Даль сибирская (сборник) | страница 107



– Мать умерла, отец на фронте погиб.

– Уточнить надо. Не так-то просто удочерить или усыновить ребёнка.

Идея пополнить состав семьи взбудоражила, обрадовала всех Третьяковых. Не видевшие её, знавшие о ней только по рассказам матери и Валентин, и сёстры его уже заочно полюбили Верочку Морозову и готовы были опекать её. Вспоминали, с каким восторгом пять лет назад встретили неожиданное прибавление в семье: Лизу-заскребышку Степанида Мелентьевна родила в возрасте 44 лет.

Но вскоре выяснилось, что отец Морозовой не погиб, а пропал без вести, и пока не было доказательств, что его нет в живых, удочерять его дочь закон воспрещал. Опечалились Третьяковы, словно по трагической случайности потеряли близкого человека. Чем больше семья, тем она счастливее, дружнее, тем веселее, интереснее жить, – так им думалось. И ни за что они не поверили б, если сказать, что доживут до таких времён, когда родители, не стыдясь, станут отказываться от третьего ребёнка, оставлять его в роддоме, обрекая на горькое сиротство.
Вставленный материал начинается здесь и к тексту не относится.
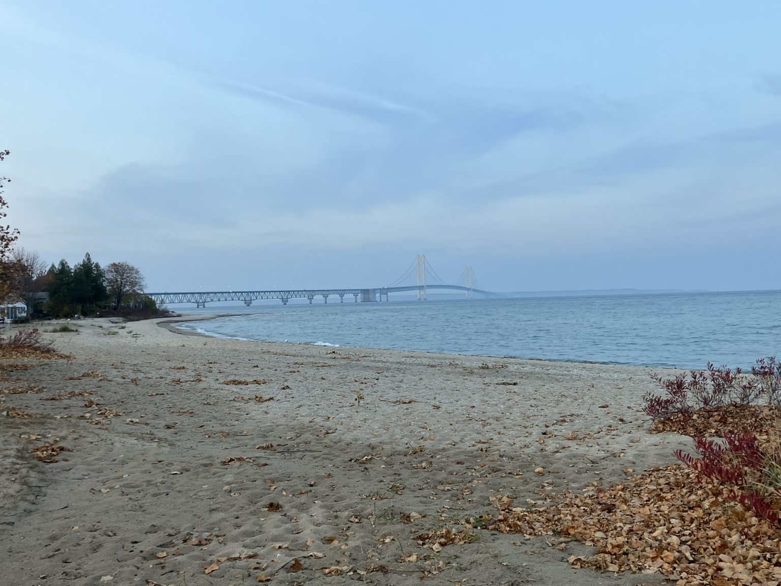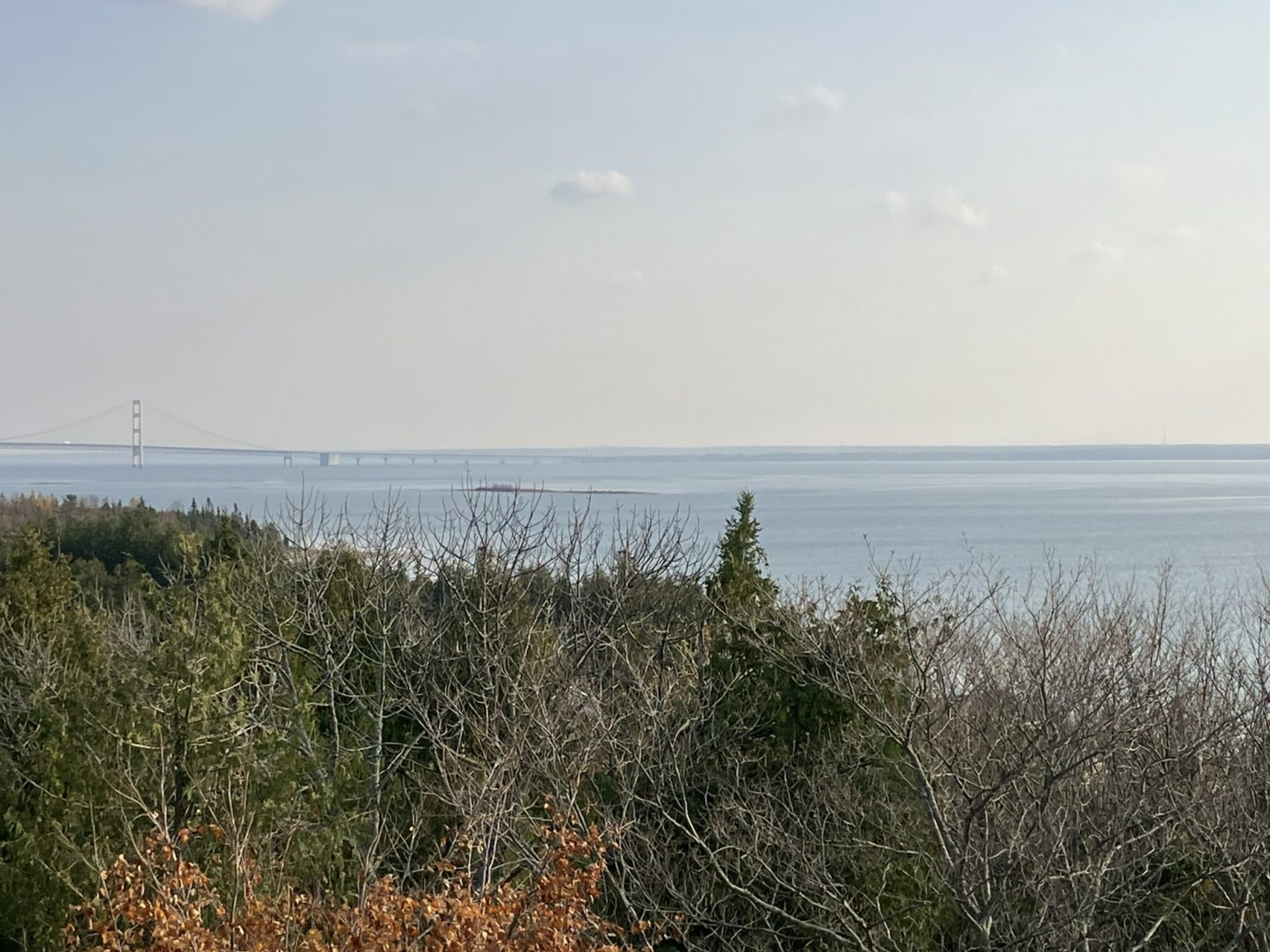 Now the drive was quite different. From flat grasslands and then along wooded state highways to now driving along a wide open coastline. What a change. Now I was traveling along the northern edge of Lake Michigan and the southern shore of the Upper Peninsular of Michigan, heading toward St. Ignace. Up ahead, I could see Mackinac Bridge, which not only spans the confluence of Lake Michigan to the west and Lake Huron to the east, but also connects the Upper Peninsular to the Lower Peninsular, and leads to Mackinaw City where I’ll be staying the next two nights.

Накануне праздника 7 Ноября Третьяковы устроили вечеринку. Позвали кое-кого из педагогов: Ермолина с женой, Ладейщикова, Рагозину, ближайшую соседку Гутман, Гурьева с женой. Степанида Мелентьевна наготовила множество и холодных закусок, и горячих блюд, настряпала и сладких пирогов, и с мясной начинкой, слоёный торт «Наполеон». Стол ломился от яств. Гости были весьма довольны, хвалили хозяйку как великую стряпуху-мастерицу. На случай, если не хватит припасённого вина, она ещё и браги наварила по старинному немецкому рецепту.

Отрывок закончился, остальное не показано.